- **Task details**: Set down, character for character, everything in the records below from the line holding "힐러리 클린턴 민주당" down to the line holding "Sorprenda a sus", and no other line.

- **Material for this task**:
------

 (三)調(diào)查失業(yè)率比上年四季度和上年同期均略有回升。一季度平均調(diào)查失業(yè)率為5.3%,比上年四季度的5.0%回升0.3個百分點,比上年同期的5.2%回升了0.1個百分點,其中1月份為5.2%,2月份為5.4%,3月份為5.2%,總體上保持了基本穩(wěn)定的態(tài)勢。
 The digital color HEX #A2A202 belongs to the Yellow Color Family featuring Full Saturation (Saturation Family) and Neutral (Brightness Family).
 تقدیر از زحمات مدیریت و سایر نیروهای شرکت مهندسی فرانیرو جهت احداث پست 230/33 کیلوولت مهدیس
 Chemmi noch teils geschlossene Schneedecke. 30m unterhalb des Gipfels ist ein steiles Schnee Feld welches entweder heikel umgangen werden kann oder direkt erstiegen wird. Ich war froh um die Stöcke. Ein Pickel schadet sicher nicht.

------

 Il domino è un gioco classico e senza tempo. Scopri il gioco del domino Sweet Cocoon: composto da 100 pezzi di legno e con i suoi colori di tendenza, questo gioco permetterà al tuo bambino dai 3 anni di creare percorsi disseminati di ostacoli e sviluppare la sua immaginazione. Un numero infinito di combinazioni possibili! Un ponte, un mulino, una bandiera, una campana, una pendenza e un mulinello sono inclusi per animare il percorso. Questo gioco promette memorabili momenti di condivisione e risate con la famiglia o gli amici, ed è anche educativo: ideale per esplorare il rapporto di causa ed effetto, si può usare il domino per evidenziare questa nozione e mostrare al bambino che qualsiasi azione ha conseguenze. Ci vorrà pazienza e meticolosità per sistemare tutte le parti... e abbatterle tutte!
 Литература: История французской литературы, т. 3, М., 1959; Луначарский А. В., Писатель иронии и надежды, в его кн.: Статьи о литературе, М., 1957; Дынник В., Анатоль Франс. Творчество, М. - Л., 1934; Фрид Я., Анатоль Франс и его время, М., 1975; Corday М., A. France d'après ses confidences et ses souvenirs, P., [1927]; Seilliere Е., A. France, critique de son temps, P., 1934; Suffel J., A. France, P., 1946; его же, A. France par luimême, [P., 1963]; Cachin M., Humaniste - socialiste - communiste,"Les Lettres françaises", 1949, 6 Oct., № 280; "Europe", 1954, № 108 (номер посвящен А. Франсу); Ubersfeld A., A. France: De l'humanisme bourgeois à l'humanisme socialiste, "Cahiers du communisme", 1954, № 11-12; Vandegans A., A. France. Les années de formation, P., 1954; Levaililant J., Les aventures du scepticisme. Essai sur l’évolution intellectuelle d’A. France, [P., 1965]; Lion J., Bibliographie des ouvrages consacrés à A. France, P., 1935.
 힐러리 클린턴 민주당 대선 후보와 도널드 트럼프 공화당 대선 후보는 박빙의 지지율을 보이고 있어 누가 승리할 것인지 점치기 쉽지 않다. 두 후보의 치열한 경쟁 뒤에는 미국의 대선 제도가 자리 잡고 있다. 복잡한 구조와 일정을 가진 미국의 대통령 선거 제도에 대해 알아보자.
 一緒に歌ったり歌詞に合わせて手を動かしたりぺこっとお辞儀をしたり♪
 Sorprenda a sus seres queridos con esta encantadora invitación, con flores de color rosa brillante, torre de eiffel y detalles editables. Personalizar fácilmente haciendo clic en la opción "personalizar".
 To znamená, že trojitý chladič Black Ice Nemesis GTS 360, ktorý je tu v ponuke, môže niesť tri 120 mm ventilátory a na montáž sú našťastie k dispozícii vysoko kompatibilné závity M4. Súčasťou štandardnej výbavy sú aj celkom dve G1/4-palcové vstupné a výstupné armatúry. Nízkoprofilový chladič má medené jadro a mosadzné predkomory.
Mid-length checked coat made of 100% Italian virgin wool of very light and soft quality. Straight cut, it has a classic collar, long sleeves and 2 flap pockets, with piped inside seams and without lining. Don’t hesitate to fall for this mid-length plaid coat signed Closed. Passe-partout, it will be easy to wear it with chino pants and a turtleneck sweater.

------

- **Response area**:
 힐러리 클린턴 민주당 대선 후보와 도널드 트럼프 공화당 대선 후보는 박빙의 지지율을 보이고 있어 누가 승리할 것인지 점치기 쉽지 않다. 두 후보의 치열한 경쟁 뒤에는 미국의 대선 제도가 자리 잡고 있다. 복잡한 구조와 일정을 가진 미국의 대통령 선거 제도에 대해 알아보자.
 一緒に歌ったり歌詞に合わせて手を動かしたりぺこっとお辞儀をしたり♪
 Sorprenda a sus seres queridos con esta encantadora invitación, con flores de color rosa brillante, torre de eiffel y detalles editables. Personalizar fácilmente haciendo clic en la opción "personalizar".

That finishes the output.